Трисмегист опускался еще и кричал, пока вода не захлебнула рот; руки его взлетели над ванной и упали в нее по одной; наконец он исчез целиком, и от легшей кругом тишины Никите в оба виска вонзилось по иголке. Оглушенный, он видел, как ждущие на площади поднимаются на мыски, силясь заглянуть в недосягаемую воду; непривитые, вскормленные порошками, в рубцах и экземах, они все были одинаково хороши и свободны, и Никита пожалел, что может выбрать лишь одного; он вспомнил, как их голоса взлетали над стадионом два утра назад, и уверенней обнял лежащего с ним. Мальчики наверху понемногу подвинулись к ванне и встали вдоль борта нетвердой стеной, как камыш; наконец самый рослый, собравшись, кивнул, и они оторвали от сцены свой край: из накрененного купола хлынула вниз серая, как от стирки, вода, от которой Никитин подручный очнулся и, царапаясь, перелез к нему за спину.
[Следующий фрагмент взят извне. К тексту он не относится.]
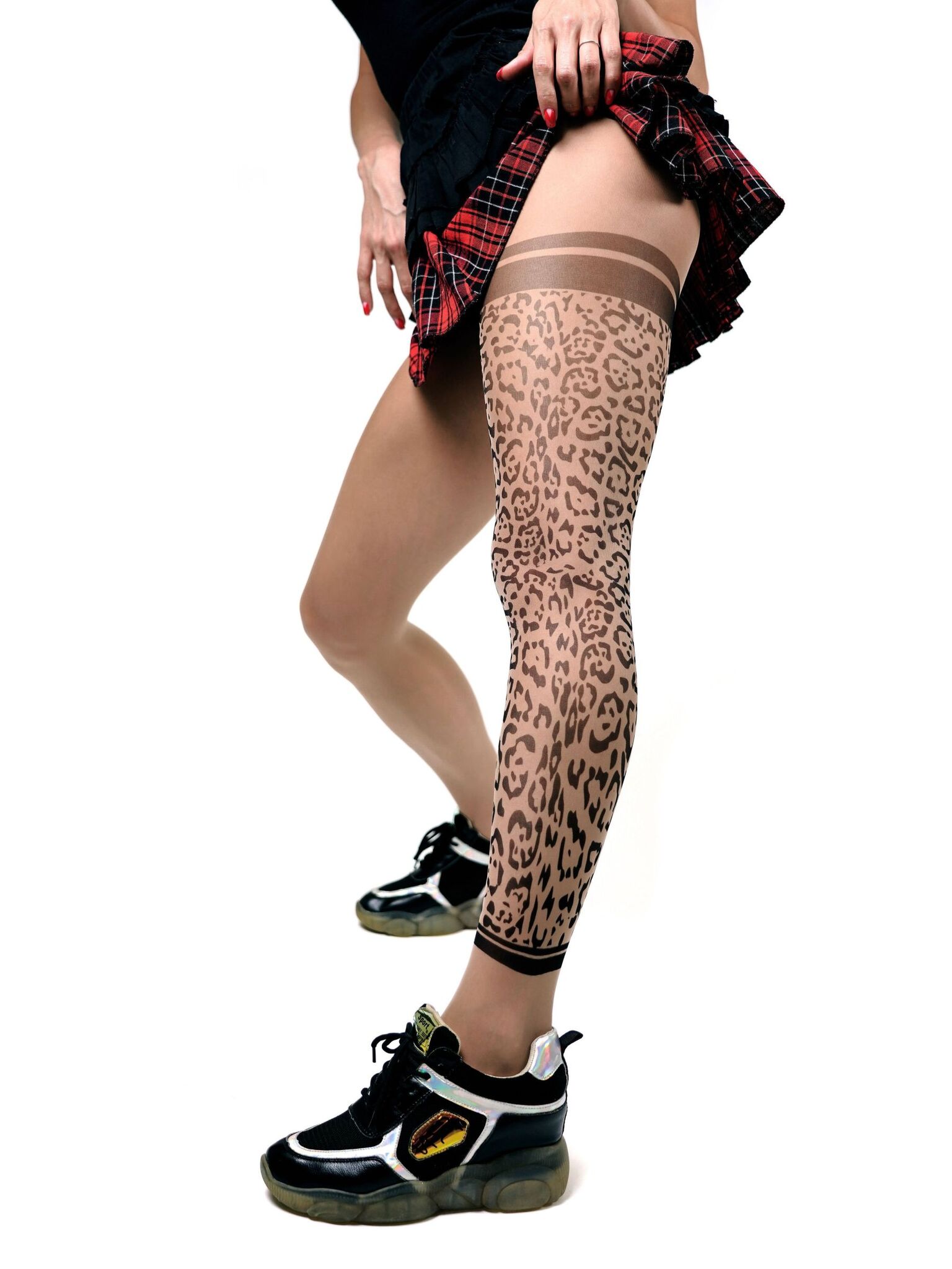 Колготки с леопардовым принтом и рисунком, плотность 40 ден, размер S-M-L, цвет бежевый

Потеки достигли Почеркова и главы, не дотянувшись до Гленна; когда все было слито, в запрокинутой ванне остался лежать, свесив руки наружу, совсем проволочный ребенок, и вся проволока его тела светилась, как до этого грудь растворенного Трисмегиста. Он смотрел слеповато из своей раковины, как в сплошной темноте, но Никита внизу понял, что он видит их всех: и подвижных из первых рядов, и совсем доходяг из последних, и стоящих за ним на помосте, и того, кто забрался Никите за спину и дышит, как мышь, и алголевца, сжавшегося далеко на аптечном углу. Те, кто еще был на сцене, бесшумно спустились на площадь, и новорожденный, взявшись обеими руками за верхнюю кромку и скользя по акрилу всей кожей, всполз наверх и замер на корточках, поводя головой; а потом, будто бы придышавшись к их гари, поднялся целиком, ненадежно красивый, прямой, как струна.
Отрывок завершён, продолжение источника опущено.